5. What is the likelihood that metadata and deleted emails or other data contained in unallocated space will be relevant to the case?
The key point to minimize the potential impact of future sanctions is to document your decisions. The risk of adverse sanctions is dramatically reduced if your decisions are based on an informed, reasonable assessment of value of the data and the expense of preservation, however, the last and crucial step remains.
Step 3: The Rule 26(f) Meeting And Disclosures
Counsel's biggest safety net is the Rule 26(f) conference. Viewed through the lens of E-Discovery, the Rule 26(f) conference takes on a dramatic importance. The Rule 26(f) conference is the principle disclosure point, and through disclosure, counsel obtains the maximum protection and risk reduction.
The Rule 26(f) conference must be the subject of thorough preparation. At a minimum, counsel must be prepared to discuss the opposition the following E-Discovery topics:
1. all locations of ESI (including backup tapes);
2. the kinds of ESI (emails, spreadsheet, digital voice, etc.);
3. the accessibility of ESI;
4. the cost of retrieving ESI;
5. the methods and searches for retrieving ESI;
6. the materiality and relevance of the various locations of ESI;
7. what ESI should be preserved in its original form;
8. the costs of preservation ESI (the cost of forensic images and back up tapes);
9. the form of ESI production.4
The Rule 26(f) conference should be undertaken as early as possible. Why? Because these disclosures will provide a safety net! If the opposition accepts your decisions regarding preservation, then the potential for any future sanctions related to deleted or lost information are dramatically reduced, if not eliminated. Alternatively, if the opposition challenges your decisions, remedial action can be promptly taken and the cost of such preservation can arguably be passed on to the challenging party. For example, if a decision has been made not to forensically copy each secretary's hard drive, and the opposition does not challenge this decision at the Rule 26(f) conference, a motion for sanctions based upon a future loss of data from the unallocated space of the secretary's desktop hard drive is likely to receive a poor judicial reception. On the other hand, if the opposition disagrees with the preservation decision, the matter can be promptly brought to the court's attention. If court action is not likely in the short term, the desktop can be forensically imaged with its cost potentially passed on the opposition later when the court rules the benefit of such preservation is so minimal that the cost should be shifted.
E-Discovery presents the specter of formidable costs and increased litigation risks. But, both costs and risks of E-Discovery can be dramatically reduced through the hard work of self-analysis, reasoned preservation, and Rule 26(f) disclosure. 1 Federal Rules of Civil Procedure, www.law.cornell.edu/rules/frcp/.

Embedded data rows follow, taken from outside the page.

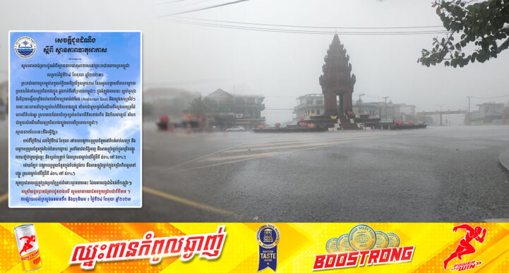 រាជធានីភ្នំពេញ៖ នៅថ្ងៃួទី២៤ ខែតុលា ឆ្នាំ២០២៣ យោងតាមការចុះផ្សាយរបស់ ក្រសួងធនធានទឹក និងឧតុនិយម បានចេញសេចក្ដីជូនដំណឹង អំពីស្ថានភាពធាតុអាកាសនៅព្រះរាជាណាចក្រកម្ពុជាសម្រាប់ថ្ងៃទី២៤ ខែតុលា ឆ្នាំ២០២៣។ ព្រះរាជាណាចក្រកម្ពុជាទទួលឥទ្ធិពលពីប្រព័ន្ធសម្ពាធទាប ដែលអូសបន្លាយពីភាគកណ្ដាលប្រទេសថៃទៅសមុទ្រចិនខាងត្បូង ឆ្លងកាត់ពីលើប្រទេសកម្ពុជា។ ក្នុងអំឡុងពេលនេះ ខ្យល់មូសុងនិរតីបានបង្កើនកម្លាំងបក់មកលើសមុទ្រអាន់ដាមែន (Andaman Sea) និងឈូងសមុទ្រថៃ។ ខណៈនេះមានលំហូរខ្យល់បក់ពីទិសខាងត្បូងនាំមកជាមួយនូវសំណើមពីឈូងសមុទ្រថៃ មកលើតំបន់ឆ្នេរ ស្របពេលដែលលំហូរខ្យល់បក់មកពីទិសខាងកើត និងទិសអាគ្នេយ៍ នាំមកជាមួយសំណើមពីសមុទ្រចិនខាងត្បូងមកលើប្រទេសកម្ពុជា។ ស្ថានភាពបែបនេះនឹងធ្វើឱ្យ៖ – ចាប់ពីថ្ងៃទី២៤ ដល់ថ្ងៃទី២៨ ខែតុលា នៅតាមបណ្ដាខេត្តមួយចំនួននៅតំបន់មាត់សមុទ្រ និងបណ្តាខេត្តមួយចំនួនក្នុងតំបន់ទំនាបកណ្តាល រួមទាំងរាជធានីភ្នំពេញ នឹងមានភ្លៀងធ្លាក់ក្នុងកម្រិតបង្គួរ លាយឡំជាមួយផ្គររន្ទះ
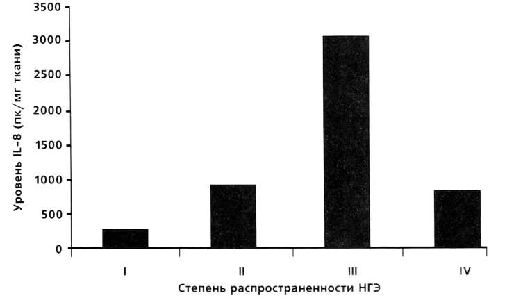 При изучении зависимости концентрации IL-8 от степени распространенности процесса, выявлено его максимальное значение при III-ей степени заболевания, т. е. при переходе от начальной стадии в более тяжелую, при которой усиливаются пролиферативные процессы. В то же время снижение уровня IL-8 при IV степени НГЭ может свидетельствовать о снижении или истощении резервных секреторных возможностей иммунокомпетентных клеток.
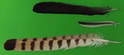 Erscheinungsformen der Vogelfeder. Viele Zeichnungsmuster sind bei bestimmten Vogelgruppen vorherrschend bzw. charakteristisch (beispielsweise die Rindenzeichnung bei Eulen und Nachtschwalben oder die gebänderten Schwingen und Steuerfedern bei Greifvögeln). Wie überall gibt es natürlich auch hier zahlreiche Ausnahmen – aber diese machen die Beschäftigung mit der Feder ja erst richtig interessant. Links werden einige Varianten der Zeichnungsvielfalt aus dem Gefieder eines Rebhuhns dargestellt. |

2 The Sedona Conference, www.thesedonaconference.org/
3 See e.g. Zubalake v. USB Warburg, 2004 WL 1620866 (S.D.N.Y July 20, 2004); Coleman (Parent) Holding v. Morgan Stanley & Co., Inc., 2005 WL 679071 (Fla. Cir. Ct. Mar 1, 2005 ); Coleman (Parent) Holding, Inc. No. CA 03-50-45 Al (Fla.Cir.Ct. Mar. 23, 2005).
4 See e.g. Local Rules for the United States District Court of Kansas, www.ksd.uscourts.gov/attorney/electronicdiscoveryguidelines.pdf.
William F. Hamilton is a partner in the Tampa office of Holland & Knight LLP, where he practices in the commercial litigation area. The author wishes to thank his Holland & Knight colleagues Sonya Strnad and Woody Pollack for their editorial assistance.